Directions: Print all the data below exactly, without images.

Provided material:
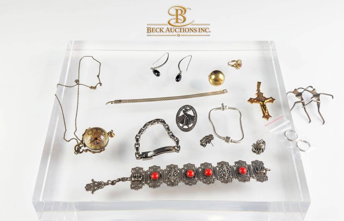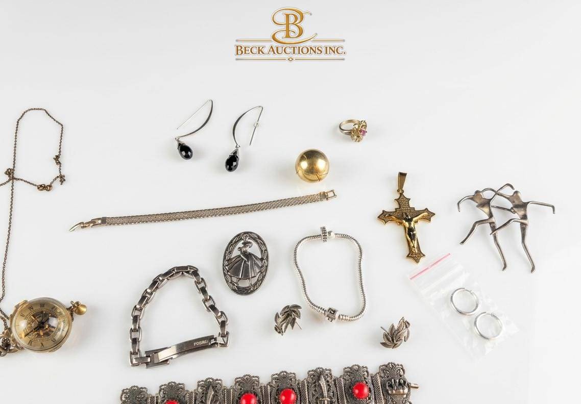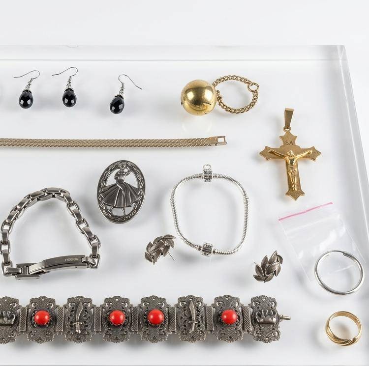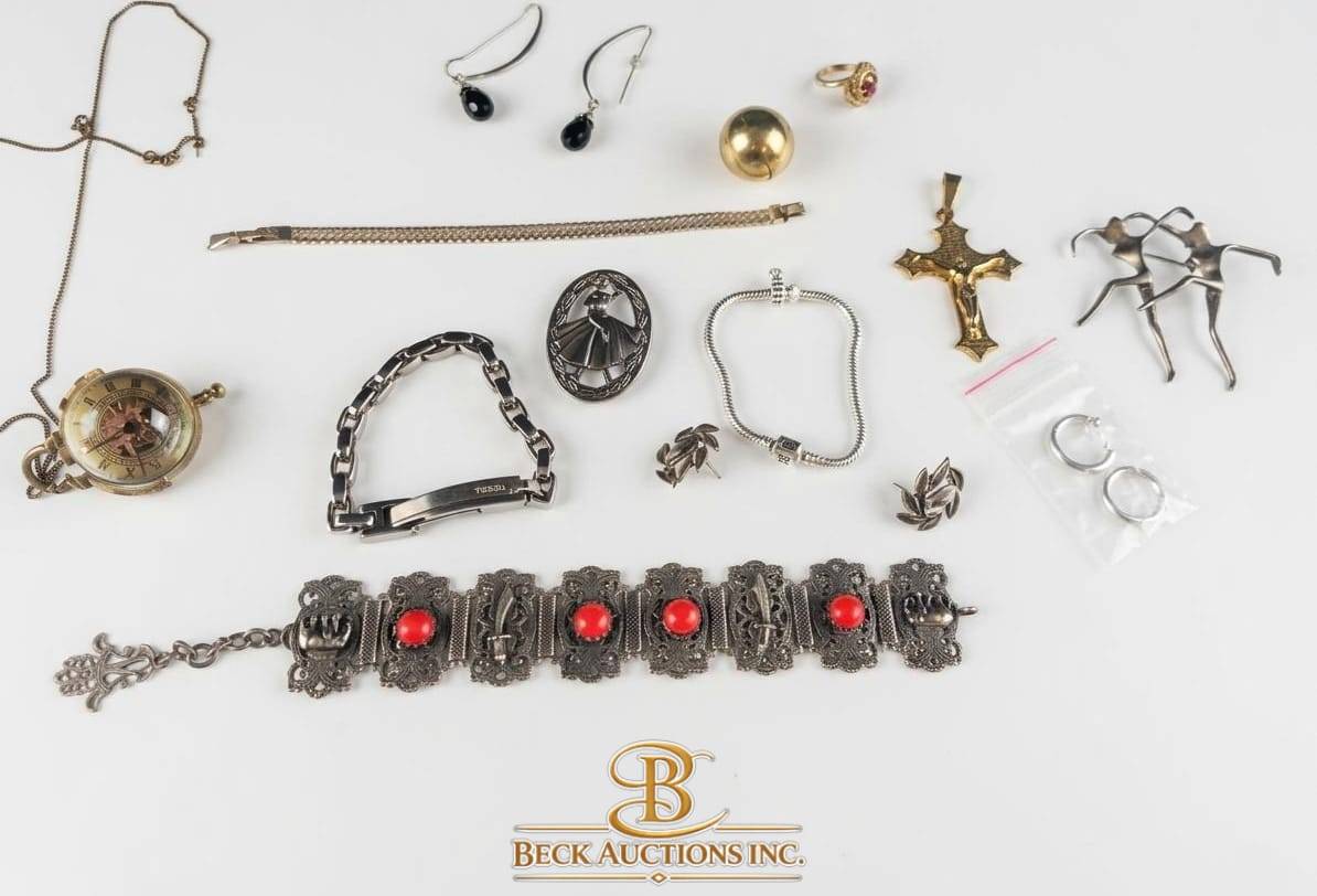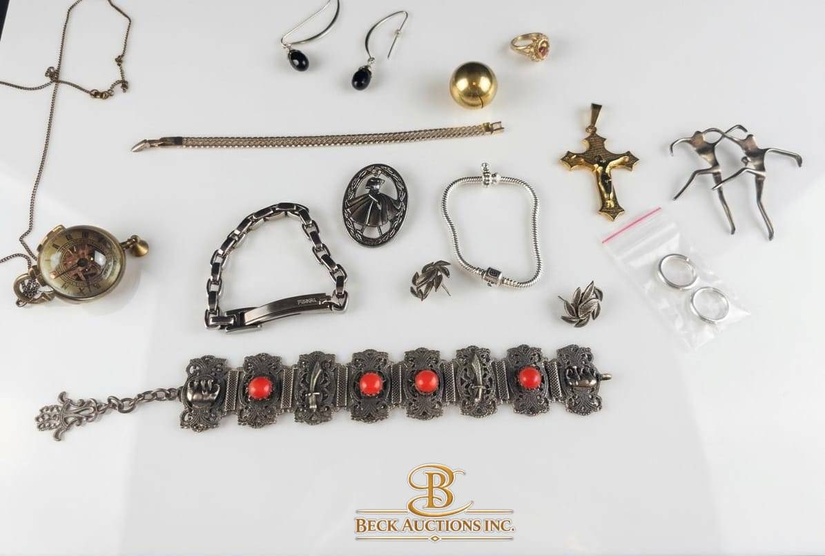 This diverse collection features a variety of vintage and modern jewelry items. Highlights include a pocket watch with visible mechanics (approximately 1.75″ in diameter), a bracelet adorned with red enamel accents (7.5″ in length), a gold-tone cross pendant (2″ in height), and assorted earrings, necklaces, and rings. The items offer a range of styles, including intricate designs and clean-lined pieces. This curated set is ideal for collectors or those seeking signature pieces.
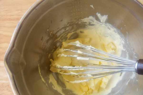 1、將奶油奶酪放在盆子內,隔著熱水,先用刮刀壓軟,再用手動打蛋器,攪打至細膩順滑,然後加入細砂糖和軟化的黃油,繼續攪拌均勻
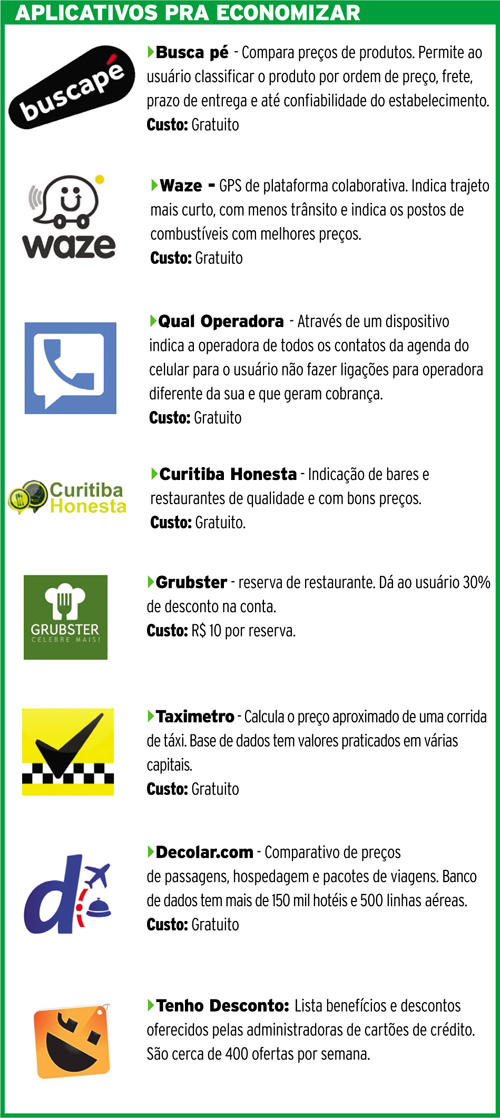 Com as novas tecnologias e o uso cada vez maior dos smartphones, os caminhos para economizar estão cada vez mais fáceis. Hoje com um simples toque na tela do aparelho de celular é possível descobrir os lugares e empresas que oferecem os melhores preços. Embora os aplicativos ainda estejam em fase de expansão no mercado, com um nicho grande de exploração pela frente, já são várias opções de ajuda ao bolso em diferentes áreas como viagens, restaurantes, bares, compras e até postos de combustíveis.

Solution to this exercise:
 This diverse collection features a variety of vintage and modern jewelry items. Highlights include a pocket watch with visible mechanics (approximately 1.75″ in diameter), a bracelet adorned with red enamel accents (7.5″ in length), a gold-tone cross pendant (2″ in height), and assorted earrings, necklaces, and rings. The items offer a range of styles, including intricate designs and clean-lined pieces. This curated set is ideal for collectors or those seeking signature pieces.
 1、將奶油奶酪放在盆子內,隔著熱水,先用刮刀壓軟,再用手動打蛋器,攪打至細膩順滑,然後加入細砂糖和軟化的黃油,繼續攪拌均勻
 Com as novas tecnologias e o uso cada vez maior dos smartphones, os caminhos para economizar estão cada vez mais fáceis. Hoje com um simples toque na tela do aparelho de celular é possível descobrir os lugares e empresas que oferecem os melhores preços. Embora os aplicativos ainda estejam em fase de expansão no mercado, com um nicho grande de exploração pela frente, já são várias opções de ajuda ao bolso em diferentes áreas como viagens, restaurantes, bares, compras e até postos de combustíveis.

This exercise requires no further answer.